But still, something felt wrong. Why was it so that I never felt the urgency or importance? Why was it that my parents were okay with this? It was only with time that I learned that my parents were never okay with this. And here is where I realised where the fault truly lies.
For those who have the privilege of being of the same colour and preferred background as this settler colonial state, you may be unaware, so let me tell you some stories. For immigrant families, they are still told today that speaking another language other than English to their child will impede their learning and result in a child who is bad at English and will do worse in their studies. Before I get into the myth, let me go into this more. Let’s study the power imbalance here. You have an immigrant family on one hand who dreams of a life safe from the imperialist powers who feel the impunity to kill and invade as they wish, hoping that their children will not suffer as their ancestors suffered for their land, and on the other, you have a doctor, a representative of health, and the child’s defence attorney (on matters of health), telling this family that their very culture, their very tongue, and their expression with it will harm their child’s chance of success. Imagine the bind you put these soon-to-be parents of a newborn baby into: your tongue or your child’s success. What good parent does not desire for their child except a life better than what they had?
Of course, the notion that multiple languages impact learning is a myth. Linguists have said it for decades, and if anything, people have been multilingual for thousands of years with no detriment to their learning capacity. You need only look at the colonised people of the world’s history pages, who had native proficiencies (when their defiance of the genocide of language succeeded) in their own language and the coloniser’s tongue.
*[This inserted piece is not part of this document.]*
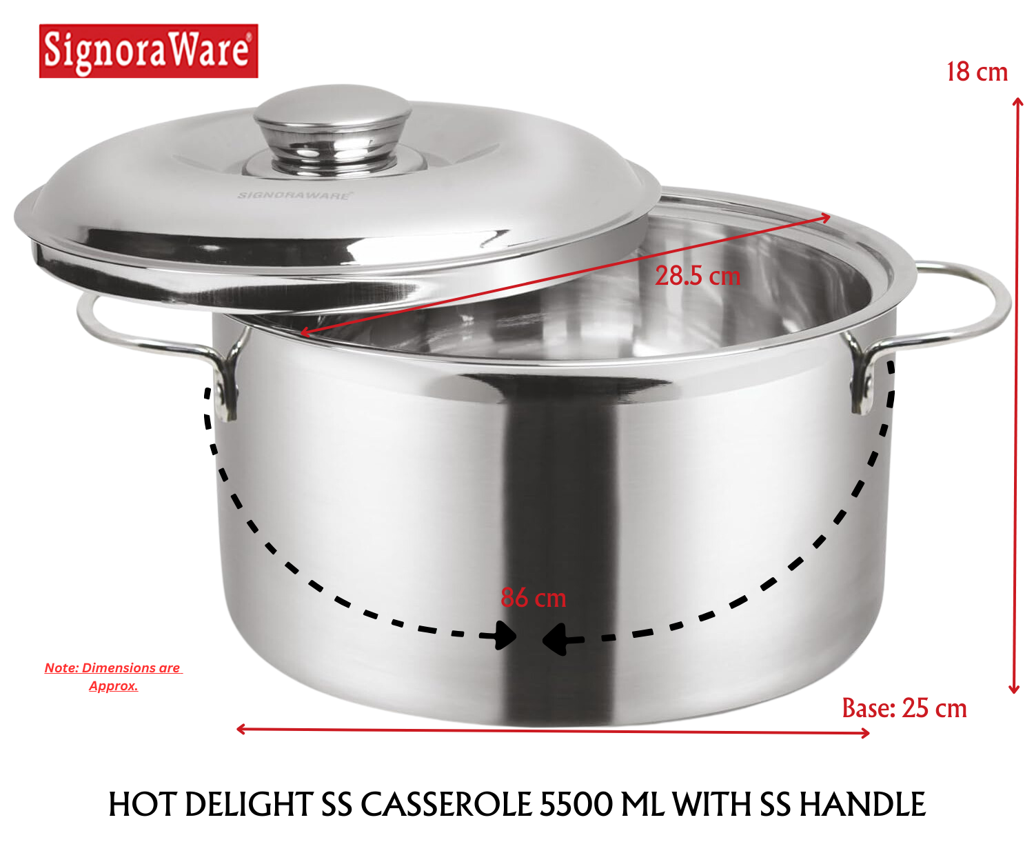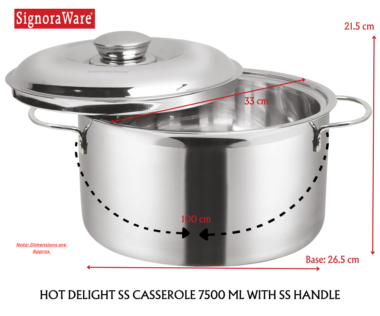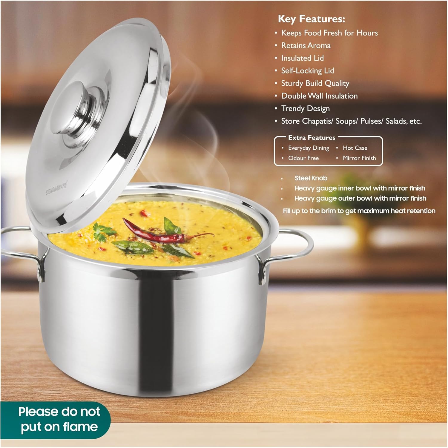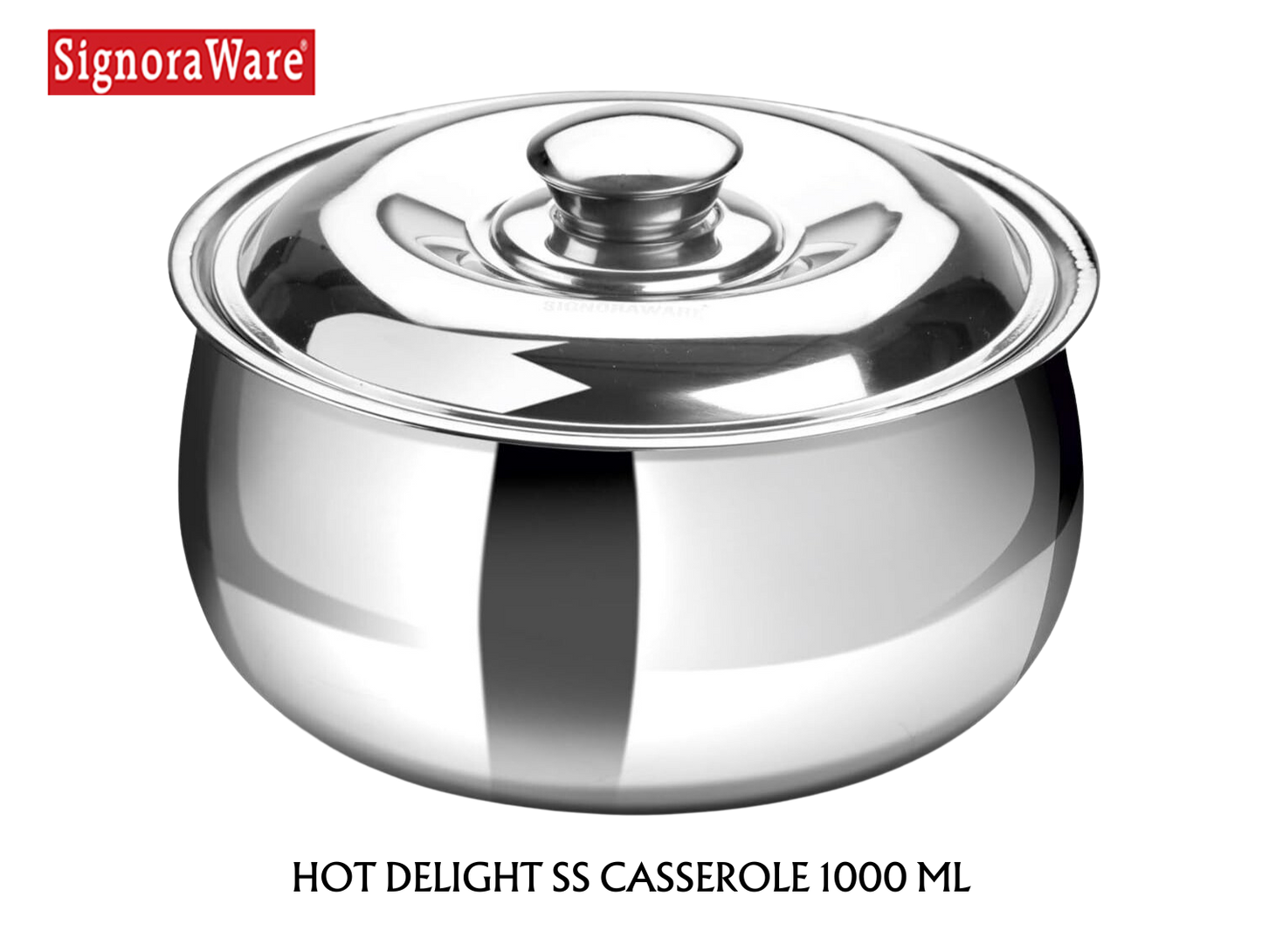 SIGNORAWARE HOT DELIGHT CASSEROLE: Hot Delight Casserole is designed to give you a refreshing dining experience. Its double-walled Insulation system allows maximum temperature retention. This product is durable, sleek and built to last a lifetime and the stainless steel body gives it a timeless look. Its high quality stainless steel body keeps it rust free and Corrosion free thus making it long lasting. The product has been designed to enhance the look and feel of the dining experience.

The fact is that learning and being exposed to multiple languages as a child increases their learning capacity and provides them with better tools to express their emotions. You need only see how children can learn sign languages much sooner than vocal speech, and you will see the child express itself in sign in articulate and expressive manners far sooner than a speaking child will. And yet the sign-language child will also learn speech when the time comes if they are able, and they will excel better as they have already been ‘speaking’ for a long time prior to their vocal capabilities.
So, we know that children can learn multiple languages with no problem, yet why does the advice remain the same in 2023? Why are parents of non-English-speaking backgrounds still told that they must speak only English?
To assimilate them into the colony. That is all. The child will learn English regardless and with no difficulties, even if they have not heard a lick of it their entire childhood. My parents, who were told that I would grow up ‘stupid’ if I did not speak only English, feared to improve my Arabic beyond the religious minimum. Though they could never assimilate, perhaps, in their hopes, I could assimilate and the state would treat me better than it did them and every other minority identity in this colony.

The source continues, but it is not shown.